= Incredible Adventures =

1914 book by Algernon Blackwood

Incredible Adventures is a collection by Algernon Blackwood, comprising three novellas and two short stories. It was originally published by Macmillan in 1914 and reprinted in 2004 by Hippocampus Press. H. P. Lovecraft wrote that:

In the volume titled Incredible Adventures occur some of the finest tales which the author has yet produced, leading the fancy to wild rites on nocturnal hills, to secret and terrible aspects lurking behind stolid scenes, and to unimaginable vaults of mystery below the sands and pyramids of Egypt; all with a serious finesse and delicacy that convince where a cruder or lighter treatment would merely amuse. Some of these accounts are hardly stories at all, but rather studies in elusive impressions and half-remembered snatches of dream.
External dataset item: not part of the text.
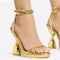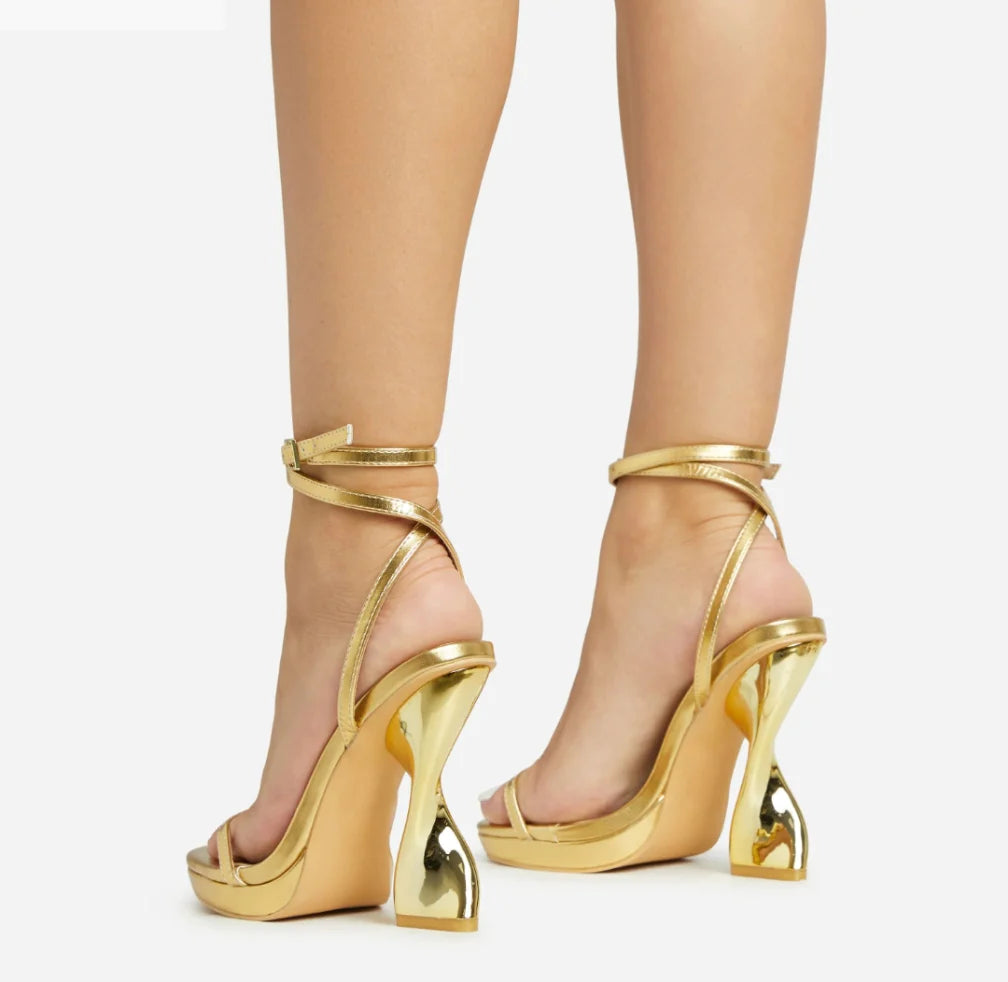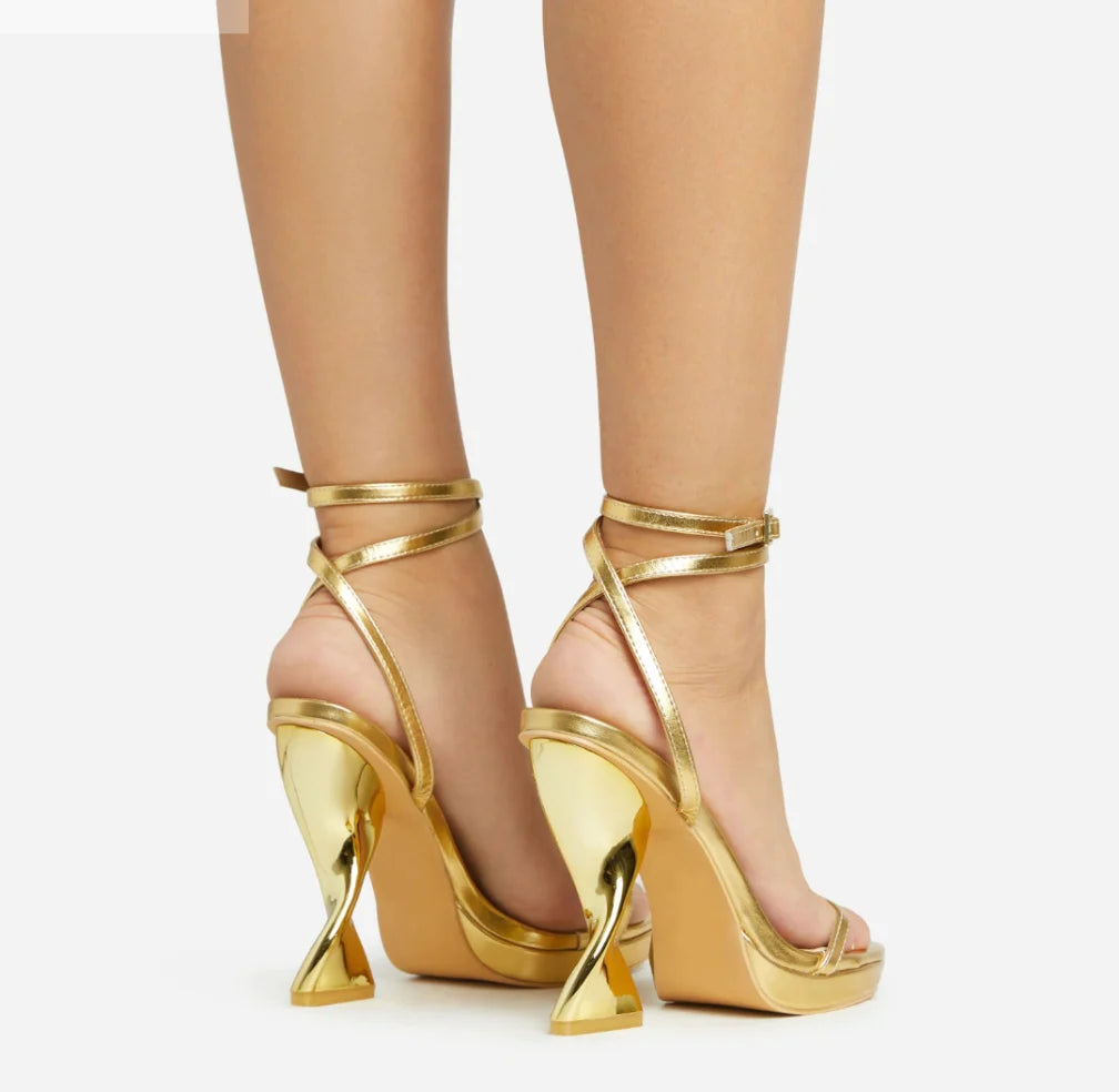 Girl, earn yourself some extra style points with these gorg heels. Featuring a gold metallic faux leather material, with a platform sole, an open toe and a twisted statement heel.

Plot is everywhere negligible, and atmosphere reigns untrammelled.

S. T. Joshi has acclaimed Incredible Adventures as possibly "the premier weird collection of this or any other century".

The book contains the following stories, all novella-length except for "The Sacrifice" and "Wayfarers":

- The Regeneration of Lord Ernie
- "The Sacrifice"
- The Damned
- A Descent into Egypt
- "Wayfarers"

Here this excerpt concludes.